|scientific name Calopteryx aequabilis |
common name River Jewelwing
Small to moderate forest streams (Walker).
Present from early June to early September, infrequent earlier (Walker).
The only all-metallic green damselfly with coloured wings in Alberta. The wings are smoky to black in the distal half, with many antenodal cross veins. Quite large (>45mm). Males: wings black in distal half, brownish yellow in remainder, no pterostigma. Females: wings smoky brown in the distal half, brownish yellow in remainder, white pterostigma.
Mating occurs shortly after emergence (males are only prereproductive for 5 days on average). Males often display to females by hovering over a potential oviposition site and diving into the water, laying the wings flat on the water's surface. Only flying females are displayed to. Oviposition is conducted by the unaccompanied female well below the surface of the water. Eggs are laid in submerged aquatic vegetation (Corbet). Nymphs develop over 2 to 3 years (Walker). Adults have been known to congregate, and will flock to avoid perceived threat (Corbet).

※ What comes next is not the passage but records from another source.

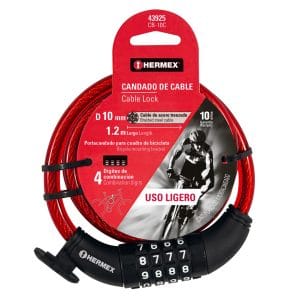 CANDADO DE CABLE CON COMBINACIÓN, 10 MM X 1.20 M, HERMEX
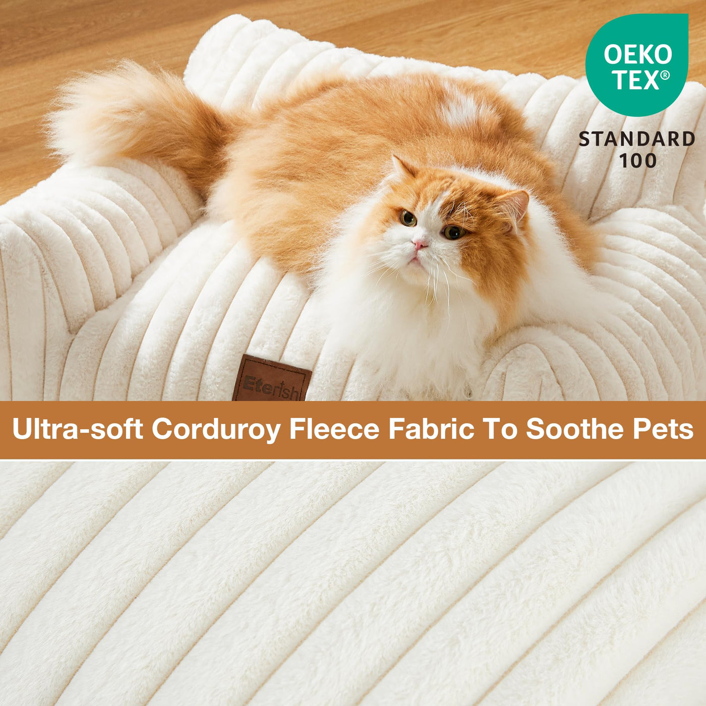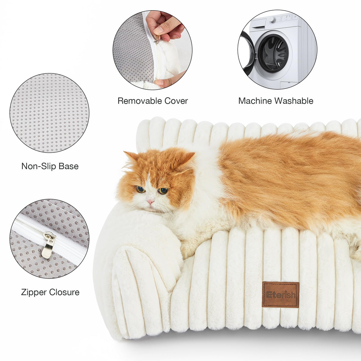 Eterish Cute Dog Couch, Fluffy Pet Couch with Soft Corduroy Fleece, Fuzzy Pet Sofa with Removable Washable Cover, Supportive Dog
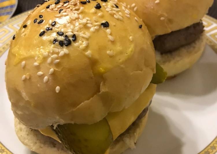 - Готовые булочки разрезать пополам. На одну половинку положить котлету. Сверху сыр, огурцы, лук и кетчуп. Накрыть другой половинкой булочки. Приятного аппетита 😋.
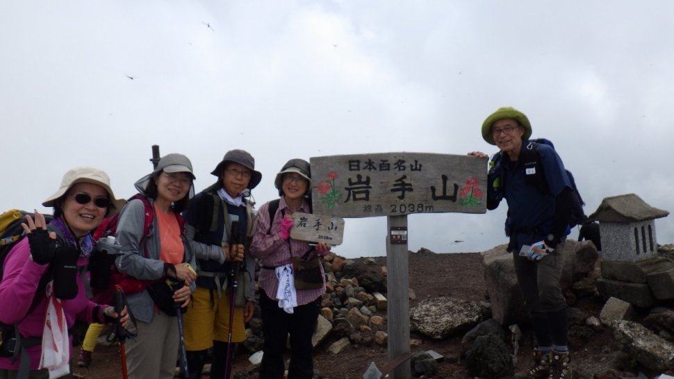 【岩手山】男性3名、女性10名計13名 岩手県の最高峰、標高2,038メートルの秀峰「岩手山」。 今回は、岩手山登山の中でも最もポピュラーと言われる馬返し登山口からスタート。 参加者のほとんどが岩手山は初めてであり、急こう配の山道が続きかなりの困難が予想 された中、後行班に八合目で引き返した人がいたものの、皆怪我もなく無事に下山。 天候にも恵まれ、活火山の荒々しさや高山植物、可憐な花など岩手山の様々な魅力を満 喫し、苦労した中にも達成感を味わえた山行であった。 6:40 馬返し登山口。木々に覆われた山道を一列にスタート。 7:30 一合目。急勾配で歩きづらく、隊列が伸びてきたため、全体を先行班(6名)・ 後行班(7名)の 2班に分け、 それぞれのスピードに合わせて進む。 8:25 四合目(先行班)。樹林帯の新道から岩場の多い旧道に挑戦。眼下に拡がる大 展望を楽しみながらも、浮石にも気を付けながら慎重に進む。 10:15 八合目避難小屋(先行班)。 広々した平地にどっしりと構えた木造の立派な建 物が目に飛び込む。建物の正面には水場があり、疲れを癒す多くの登山客で賑わってい た。水は非常に冷たく、水量も豊富、まさに砂漠のオアシスであり、30分ほど休憩。 11:45 山頂(先行班)。 山頂標識を囲み皆で記念写真を撮れば、ここまでの疲れもな んのその。山頂では、沸き立 つ雲海の雄大な景色の中、点在する石造物にも目をやり ながら、最後は砂走に足を取られながらも、空中 散策の気分で、反時計回りにお鉢巡 りを楽しんだ。
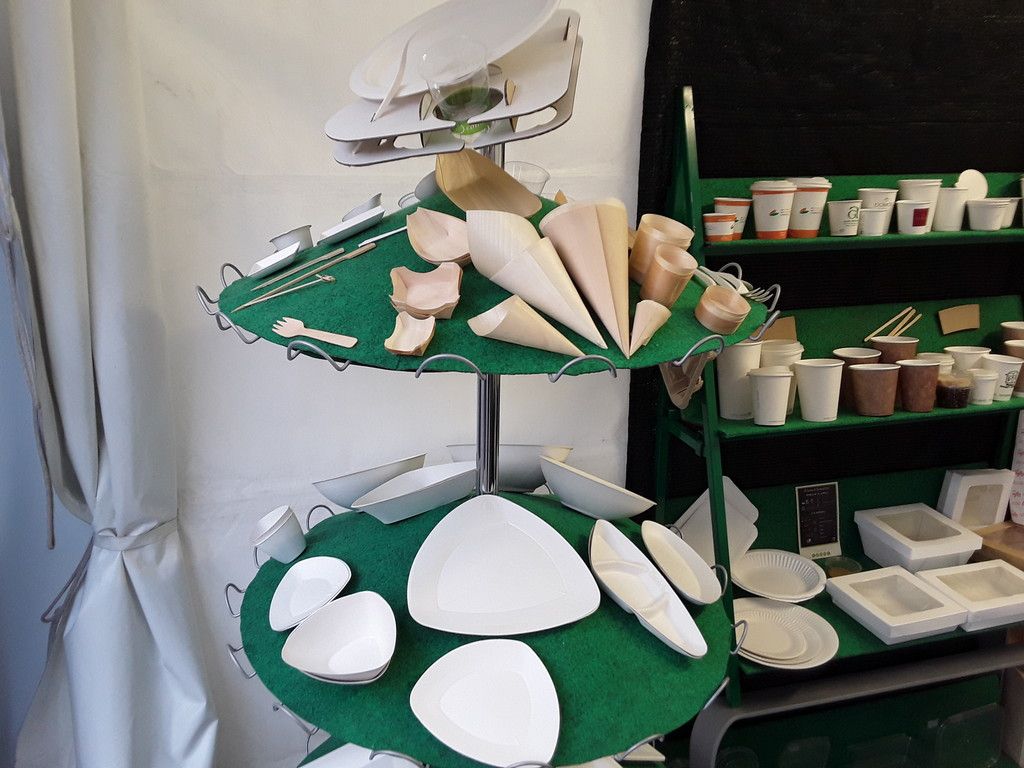 Stoviglie mono uso compostabili: piatti, posate, bicchieri, street food, take away, bio packaging per eventi, catering e locali. Realizzate in mater-bi, polpa di cellulosa e PLA (acido polilattico di mais) dalle caratteristiche simili alla plastica con i vantaggi: provenienza da fonti rinnovabili, possibilità di recupero organico mediante il compostaggio.

The species has not been known in Alberta for long. It seems somewhat uncommon, but its status is uncertain.
Gleans small invertebrates from the foliage. The nymphs prey on aquatic invertebrates.
Restricted to northeastern Alberta (Clifford). Found east to Nova Scotia and P.E.I., and has recently been found in southern B.C (field note, RBC Museum). It is also found in much of the U.S.A., especially the northeast.